Let $a_{0},a_{1},a_{2},a_{3},\cdots \cdots a_{n}$ be a sequence of numbers satisying $(3-a_{n+1})(6+a_{n}) = 18$ and $a_{0} = 3.$ then find $\displaystyle \sum^{10}_{i=0}\frac{1}{a_{i}}$
from $18-6a_{n+1}+3a_{n}-a_{n}a_{n+1} = 18.$ So $6a_{n+1}-3a_{n}+a_{n}a_{n+1} =0$
want be able to go further, could some help me, thanks
Dividing the both sides of $$6a_{n+1}-3a_n+a_na_{n+1}=0$$ by $a_na_{n+1}\ (\not=0)$ gives $$b_{n+1}=2b_n+\frac 13\tag1$$ where $b_n=\frac{1}{a_n}$.

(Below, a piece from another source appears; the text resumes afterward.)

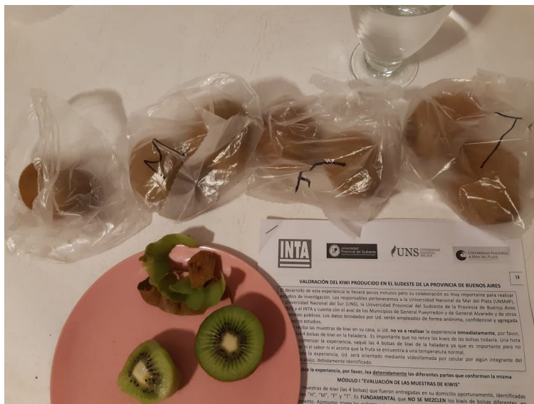
Foto 5: Registro de la degustación en un domicilio de Mar del Plata. Octubre 2020.

Se realizaron entrevistas en uno de los mercados mayoristas de la región (PROCOSUD), a los responsables de los puestos de venta de frutas, indagando sobre los atributos del producto más valorados y sus opiniones sobre la calidad del kiwi local. Todos reconocen que el sabor del kiwi de esta región es superior y lo asocian al nivel de maduración del producto al momento de su cosecha. Los productos importados no llegan en las mismas condiciones, aunque muchos de los clientes (vendedores minoristas) se interesan relativamente más en el precio que en la calidad del producto.

Now we have $$(1)\iff b_{n+1}+\frac 13=2\left(b_n+\frac 13\right)$$ I think that you can take it from here.
Hint
Starting from $$6a_{n+1}-3a_{n}+a_{n}a_{n+1} =0$$ divide each term by $a_{n}a_{n+1}$ to get $$\frac 6{a_n}-\frac 3{a_{n+1}}+1=0$$ Now, define $b_n=\frac 1{a_n}$ and solve.

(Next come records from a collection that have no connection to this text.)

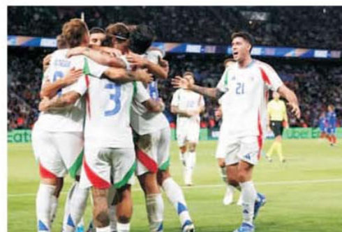
Italia s-a impus în prima etapă cu un 3-1 surprinzător la Paris, iar acum este lider în Grupa 2 din Liga A

Depunerea buletinelor de joc la concursul PRONO-S din 10-12 octombrie 2024 se poate face începând de duminică, 6 octombrie, după ora 16.00, și până joi, 10 octombrie, ora 16.00. Pe buletinele de joc SE VA MARCA RUBRICA DA, MIERCURI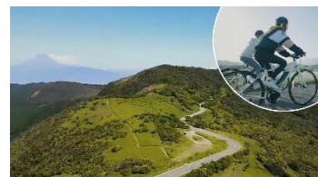
西伊豆スカイライン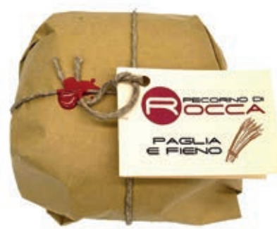
PEP420 PECORINO ROCCA SOTTO FIENO PALLOT.

By using the assumption $a_0=3$ and replacing it in your above result we get $6a_1-9+3a_1=0$ so we get $a_1=1$. Now by replacing this value in $a_1$ we deduce $a_2=\frac{7}{3}$. By continuing this process you can calculate all values of $a_i$s then you can find the sum of reciprocals.

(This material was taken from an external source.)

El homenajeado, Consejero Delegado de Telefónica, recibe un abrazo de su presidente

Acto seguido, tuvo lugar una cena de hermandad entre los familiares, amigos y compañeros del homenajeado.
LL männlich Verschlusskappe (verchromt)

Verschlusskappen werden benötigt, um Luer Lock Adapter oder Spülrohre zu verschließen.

From the condition we have $$-6a_{n+1}+3a_n-a_na_{n+1}=0$$ or $$-\frac{6}{a_n}+\frac{3}{a_{n+1}}-1=0$$ or $$-6\left(\frac{1}{a_0}+\frac{1}{a_1}+...+\frac{1}{a_{10}}\right)+3\left(\frac{1}{a_1}+...+\frac{1}{a_{11}}\right)-11=0$$ and for the ending it remains to find a value of $a_{11}$.